レントゲンおよびCT上は確かにスリガラス状の影があり、心不全も疑わないといけないものでしたが、心臓超音波検査では異常ありませんでした。肺炎とすればかなりの重症肺炎になりますが、炎症反応(CRP)は軽度上昇のみでした。そこで、血清腫瘍マーカー(CEA)を測定してみたところ、高値でした。悪性のものであれば、抗生剤や利尿剤が効かなくて当然です。その目で胸部CTを見直してみると、小葉間隔壁の肥厚や気管支血管束の肥厚といった癌性リンパ管症に特徴的な所見がありそうです。
癌性リンパ管症とは、肺内のリンパ管をつたって、両肺に癌細胞が広がった状態のことを言います。
しかし、問題はその癌細胞がどこから来たかです。Jさんは呼吸不全が進み、酸素マスクで酸素を10L以上吸入しています。とてもこれ以上の検査はできません。

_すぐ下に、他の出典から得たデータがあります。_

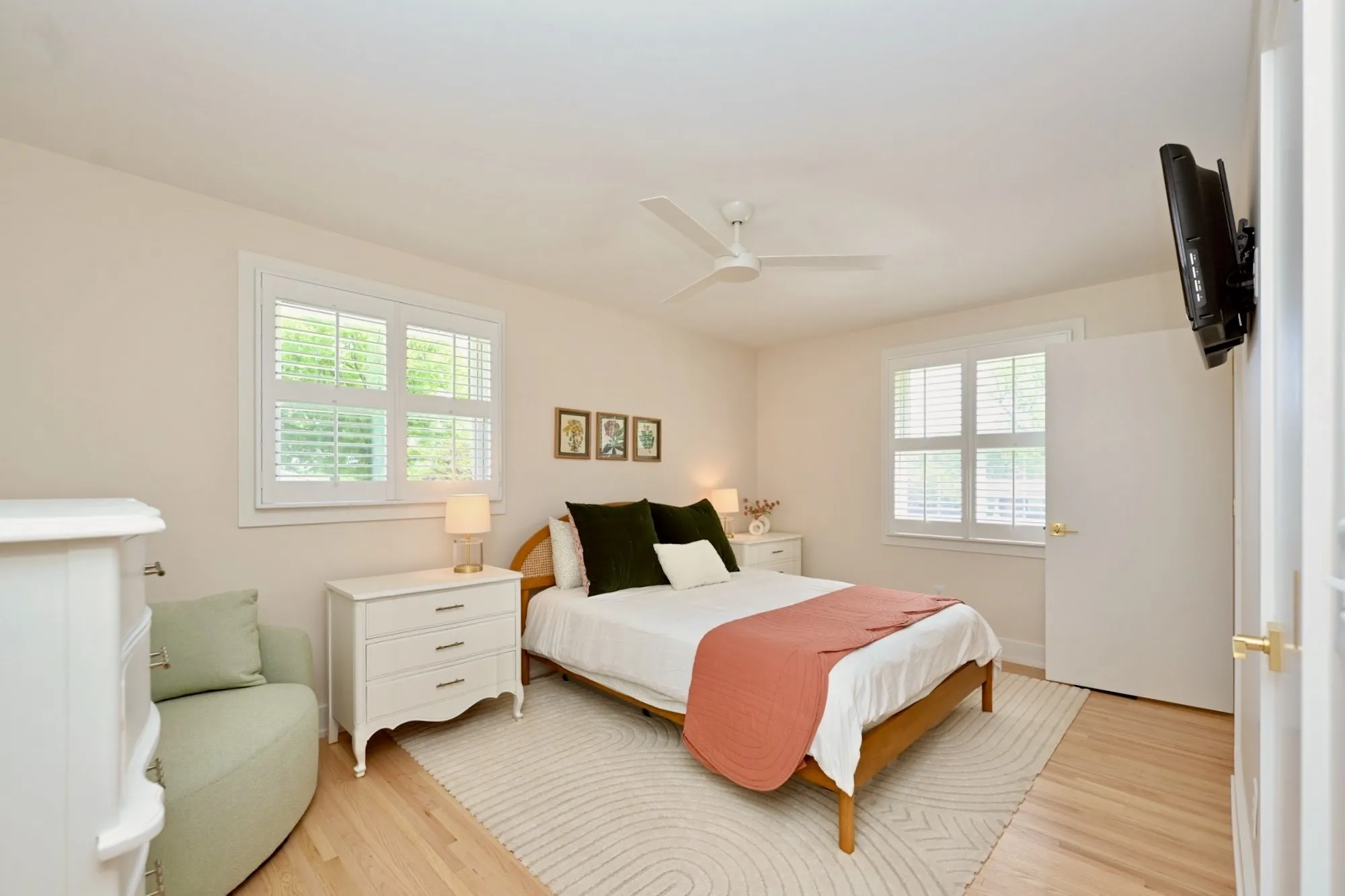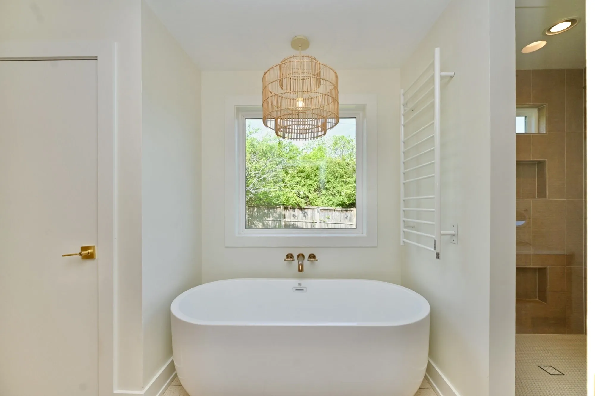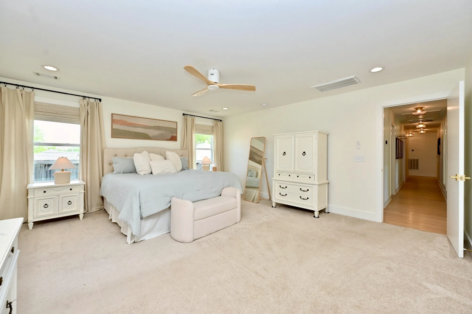 The oversized primary suite is a true escape w/ private French door access to the porch. The spa-inspired bathroom rivals a five-star hotel, boasting a freestanding soaking tub, a frameless glass shower w/ dual rain heads, a heated towel rack, & quintessential MCM Terrazzo tile flooring. The massive walk-in closet features a custom organization system. Guest baths are equally impressive w/ stacked artisan tile and floating vanities.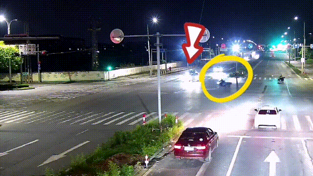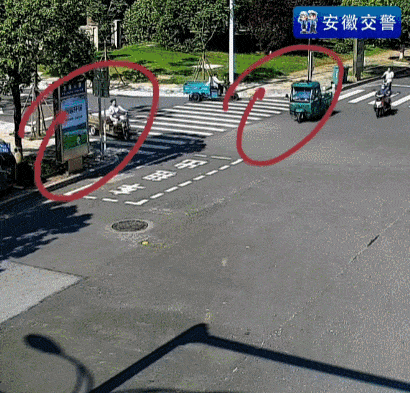 三轮车夜晚路口乱窜,强行变道被撞翻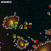 Object #1587 x,y = (2664, 3191) RA, Dec = (00:32:10.560, 18:08:34.44) = (8.04400, 18.14290) BPZ = 0.133 [0.098--4.890] type = 10.80 (SB11_A_0_l - SB3_B10) chisq2 = 3.91 ODDS = 0.31 z_cluster = 0.396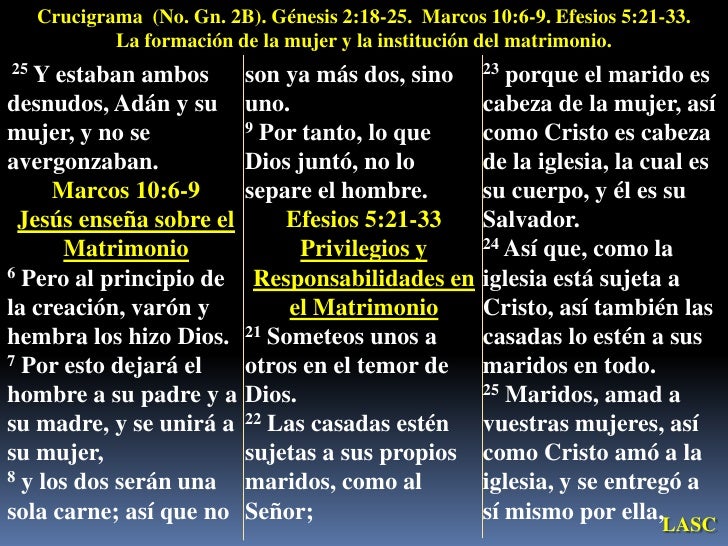 Y de la costilla que el Seor Dios haba tomado del hombre form una mujer y la trajo al hombre Gnesis 126-2. 6 sino que suba de la tierra un a vapor que. No es bueno que el hombre est solo.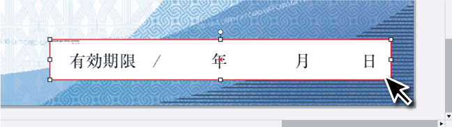 「金券・ギフト券」の背景デザインから選択できる「金額」につきましては、大きさを変えたり(拡大・縮小)、配置する場所を変える(動かす)ことができます。拡大・縮小する手順は通常の文字(テキストボックス)と同じですが、金額を動かす際はテキストボックス内の数字の上にカーソルをあわせる必要がございますのでご注意ください。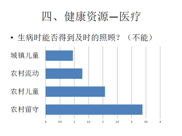 第五点,四类关于医疗资源的获得差异并不大。但是优质的医疗资源更多地集中在城市里面,而流动儿童大多只能从私人诊所或者小药房获得医疗资源,医疗资源也存在城乡二元体制的差异性。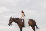 For this special robe called Athena, it's compose of body suit and a skirt in chiffon. Each bride will have a different material to use. Unique for you! We will propose different types of fabrics for you! The skirt is removable and can be used in other outfits as well.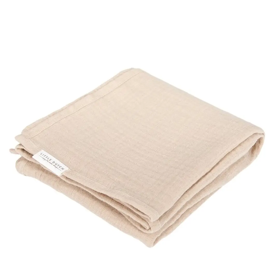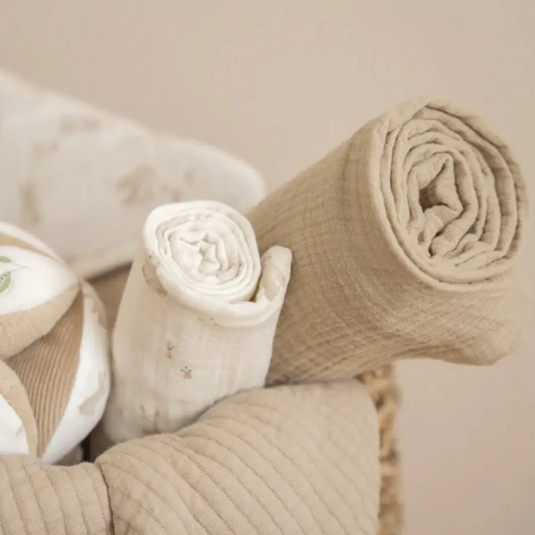 Muselina de color beige. El tejido de algodón hidrófilo garantiza una gran capacidad de absorción, además tiene un tacto agradable y suave.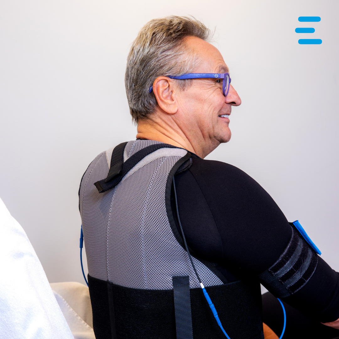 Tijdens de sessie draag je een elektrodenpak dat zachte elektrische impulsen en infrarood combineert. Deze stimulatie verbetert de doorbloeding, vermindert spierspanning en helpt pijnklachten te verlichten zonder je gewrichten te belasten.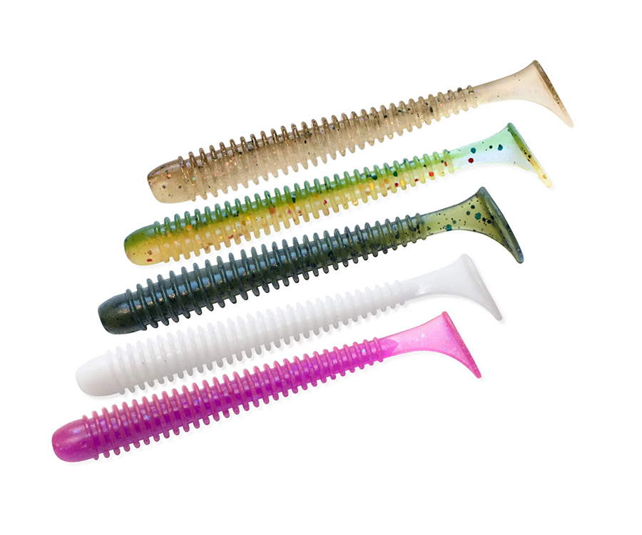 Матеріл приманки дуже м’який тому хвост заводиться на найменшій швидкості та на вазі грузів від 1г. Сіль в нижній частині приманки стабілізує її на проводці та утримує тіло приманки в правильному положенні у воді.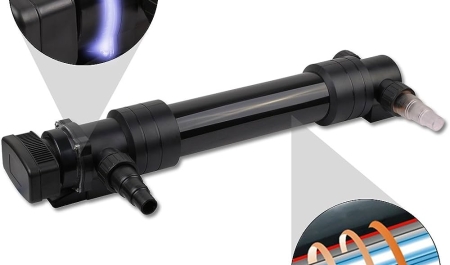 Đèn UV hồ cá (đèn tia cực tím) là thiết bị chuyên dụng dùng để diệt khuẩn, diệt rêu hại và làm sạch nước trong hồ cá cảnh, hồ koi hoặc bể thủy sinh. Thiết bị hoạt động bằng cách chiếu tia UV-C có bước sóng từ 200 – 280nm vào dòng nước, giúp phá vỡ cấu trúc DNA của vi khuẩn, nấm, tảo và các sinh vật có hại khác.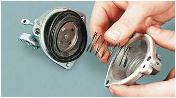 Проверить работу ускорительного насоса карбюратора можно путем стремительного нажатия на педаль. Следует проверить и работу диафрагмы пневмопривода.

数日後、Jさんは呼吸不全で亡くなりました。Jさんに生前確定診断をつけてあげられなかったのは、内科医としては一種の敗北です。死亡診断書の死因欄に何を書けばいいか分からないからです。30年前であれば、Jさんの死因は肺炎や心不全と書かれていたかもしれません。
御家族の理解を求め、病理解剖を行いました。死因は胃癌でした。御家族にも自信をもって死因を伝えることができました。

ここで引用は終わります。